In the event of a stock dividend or any other distribution upon the Common
Stock payable in Common Stock or through stock split, subdivision,
consolidation, combination, reclassification or recapitalization involving the
Common Stock, then the following will be adjusted so as to preserve the value of
such Option: (i) the number and kind of shares subject to outstanding awards,
(ii) the number and kind of shares which thereafter may be subject to the
benefits contemplated by the Plan, and (iii) the purchase or exercise price with
respect to the foregoing.
No right or interest of any option holder in an Option may be assigned or
transferred during a lifetime of the option holder either voluntarily or
involuntarily or be subjected to a lien directly or indirectly by operation of
law or otherwise, including execution, levy, garnishment, attachment or pledge
of bankruptcy, except by will or the laws of descent and distribution or
pursuant to a qualified domestic relations order.

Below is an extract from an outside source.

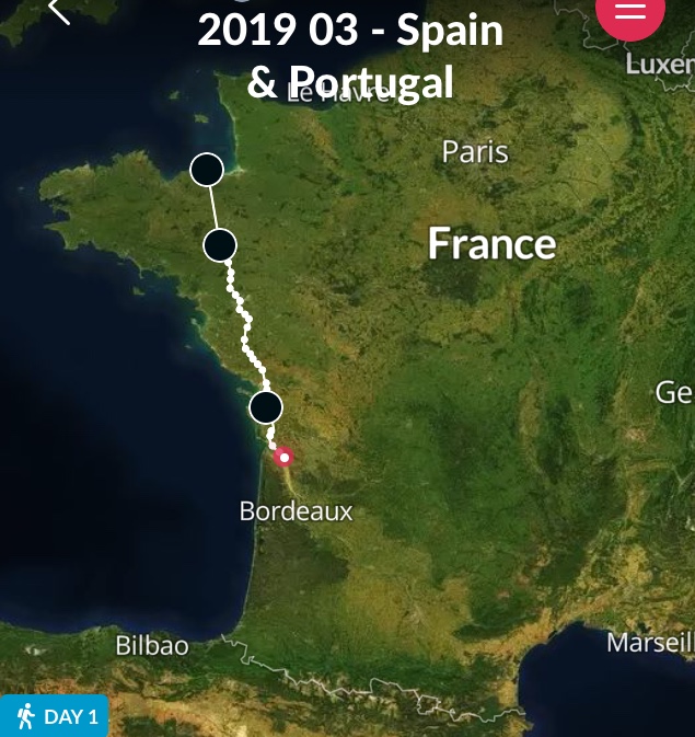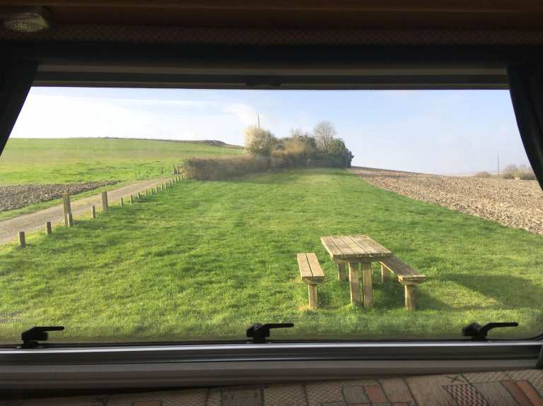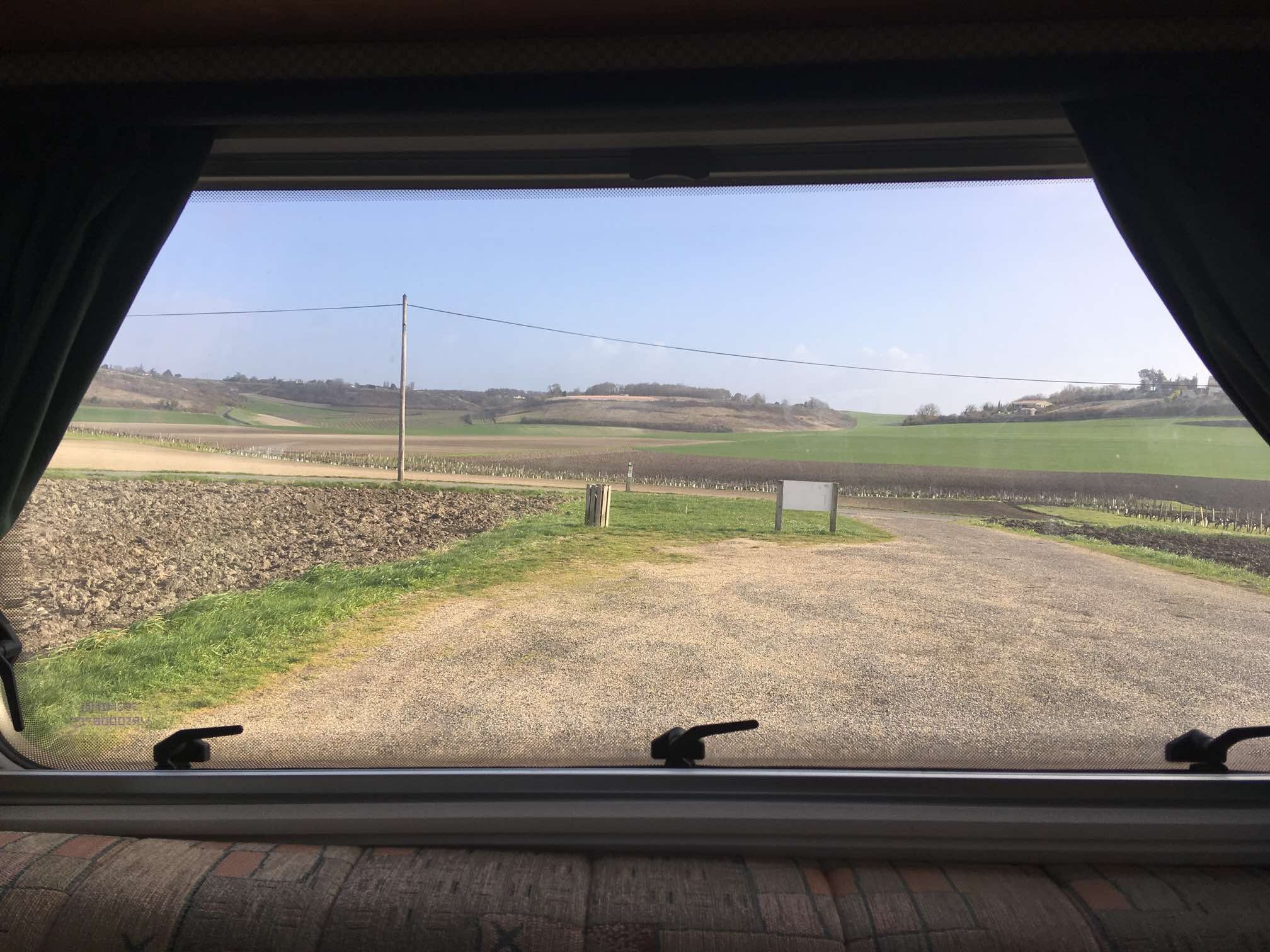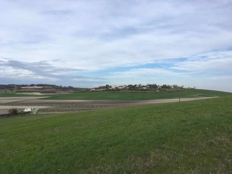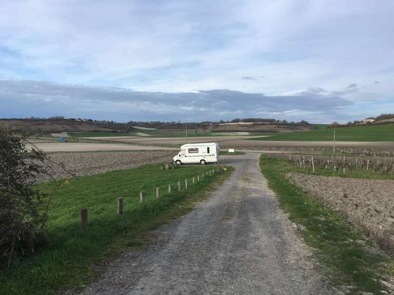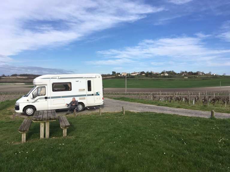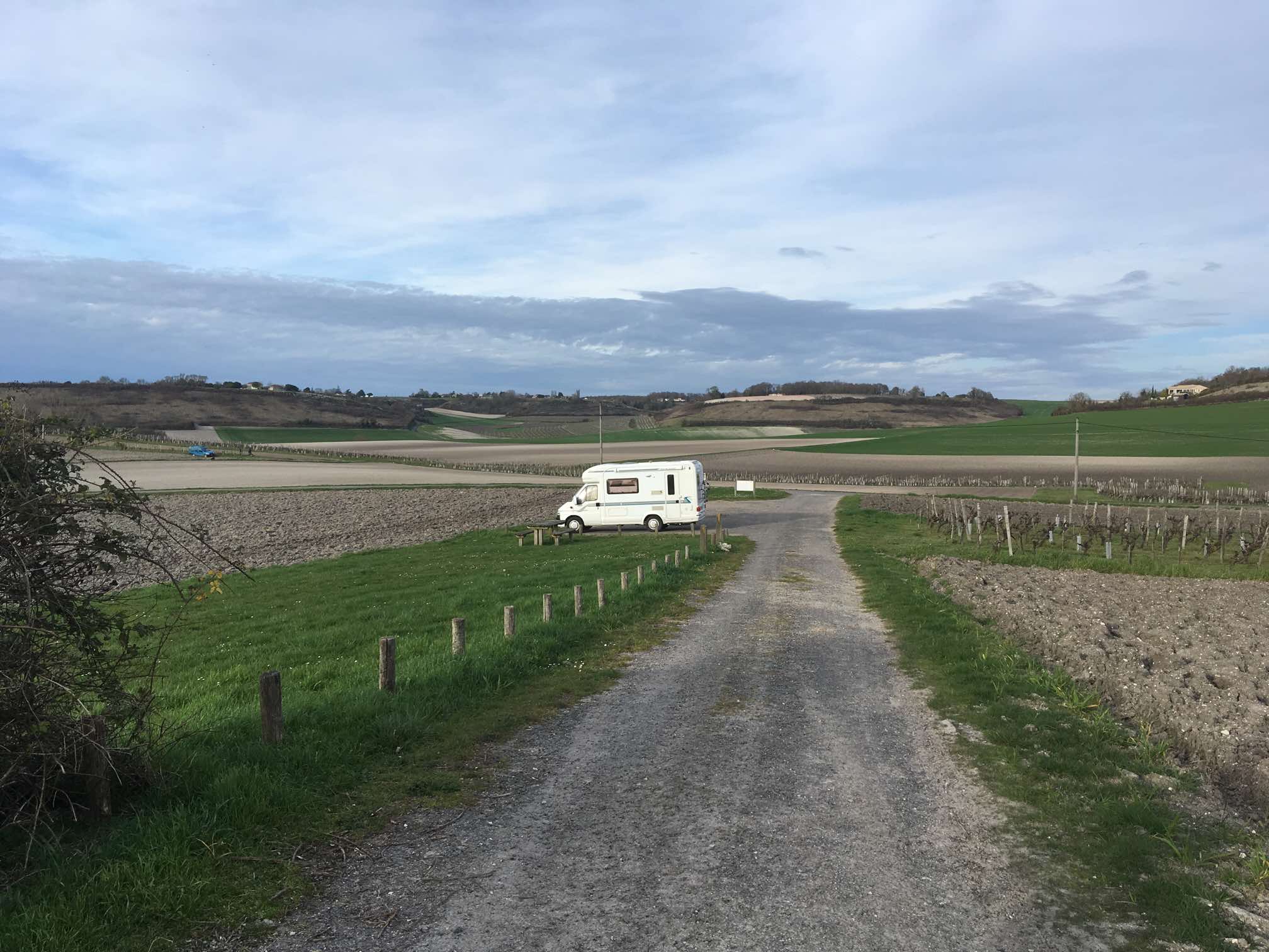 We were reminiscing about how many of these places were free a few years ago, and we dropped by another couple of lovely little ports, where it’s €8 or €9 to park for 24 hours or 24 minutes. As it happened, I’d been heading to one of our favourite ever overnight stops at Saint Romain sur Gironde. We’d discovered this tiny carpark last year thanks to Park4night. It’s slightly elevated and is nestled in the middle of fields and vineyards with 360 degree views, and we can see the Gironde estuary and its South bank beyond.

The Board may terminate or amend the Plan at any time, provided however,
that no amendment or modification may become effective without approval of the
amendment or modification by the stockholders if stockholder approval is
required to enable the Plan to satisfy applicable statutory or regulatory
requirements or if the Company, on the advice of counsel, determines that
stockholder approval otherwise is necessary or desirable, and provided further
that no amendment, modification or termination of the Plan shall in any manner
adversely affect any outstanding Option without the consent of the option
holder.
Certain Federal Income Tax Consequences. The following summary generally
describes the principal federal (but not state and local) income tax
consequences of the Plan. It is general in nature and is not intended to cover
all tax consequences that may apply to a particular director or to the Company.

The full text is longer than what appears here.